Il movimento antirazzista sembra essere andato a sbattere sul problema della distruzione di statue, come se la memoria storica si dovesse cancellare per ricostruire gli uomini e la società da zero.

L’errore principale commesso dalla maggioranza dei movimenti di contestazione contemporanei è quello di non andare a fondo, non incidere sul livello culturale della popolazione e non stimolare altre scelte virtuose di singoli individui, senza che tutto debba necessariamente essere normato.
Una volta spento lo spirito infuocato iniziale, quest’atteggiamento porterà ad autocondannarci all’irrilevanza.
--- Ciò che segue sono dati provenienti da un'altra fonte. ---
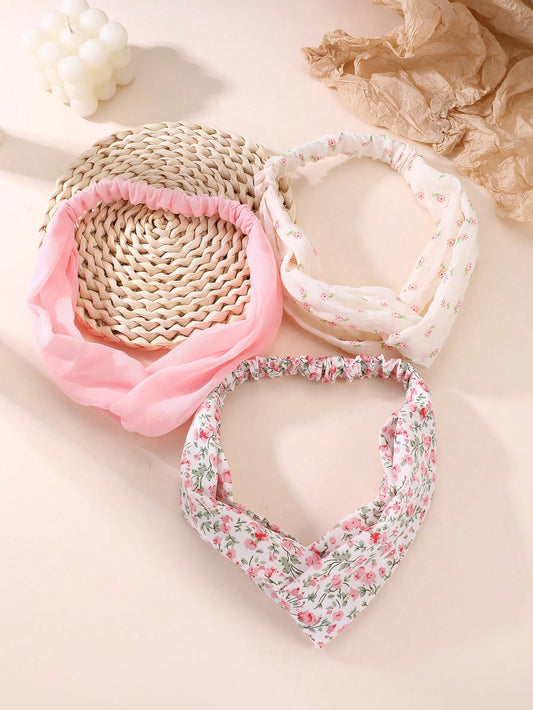 3 Hårbånd med Snoning - Lyserøde Farver & Blomsterprint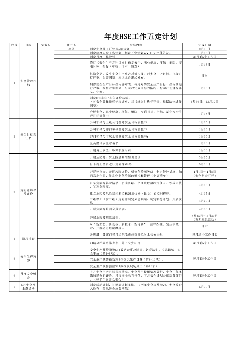 【计划】2026安全环保(EHS)年度工作计划表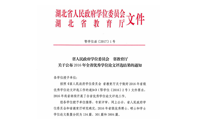 2016年,湖北省学位办和省教育厅开展学士学位论文评选工作,由学校根据省学位办分配的省级优秀学士学位论文指标组织专家评审,并将优秀论文名单、评审办法及工作总结上报省学位办,由省学位办抽查审核确定后发文公布。本次评选,我校共15篇获评省级优秀学士学位论文(具体名单见附表)。获评省优秀学位论文不仅体现了学生大学四年取得的成绩,也反映出社会对我校教育教学质量、办学水平的认可。下一步,我校将继续坚持全人发展教育理念,紧紧围绕成果导向教育,狠抓教学质量,深化教学改革,加大实践教学投入,提高我校教育教学水平。

In Italia oggi, i Sentinelli di Milano chiedono la rimozione della statua di Montanelli in contemporanea con la ripresa delle manifestazioni per lo Ius soli. Si rimane sempre agganciati al fenomeno mediatico, senza andare veramente a fondo nella questione, senza affrontare il problema della mercificazione dei corpi maschili e femminili (e non solo della figura delle donne indigene), senza chiedersi se sia ora di implementare un’etica che dia importanza alla persona in quanto tale, inserita nella sua comunità culturale, nazionale e religiosa e titolare di diritti universali.

Senza domandarci, infine, quanto sia viva ancora nella subcultura italiana l’immagine dell’altro come una specie di animale non evoluto e non come persona (ad esempio sentiamo apostrofare con la parola “scimmie” i braccianti).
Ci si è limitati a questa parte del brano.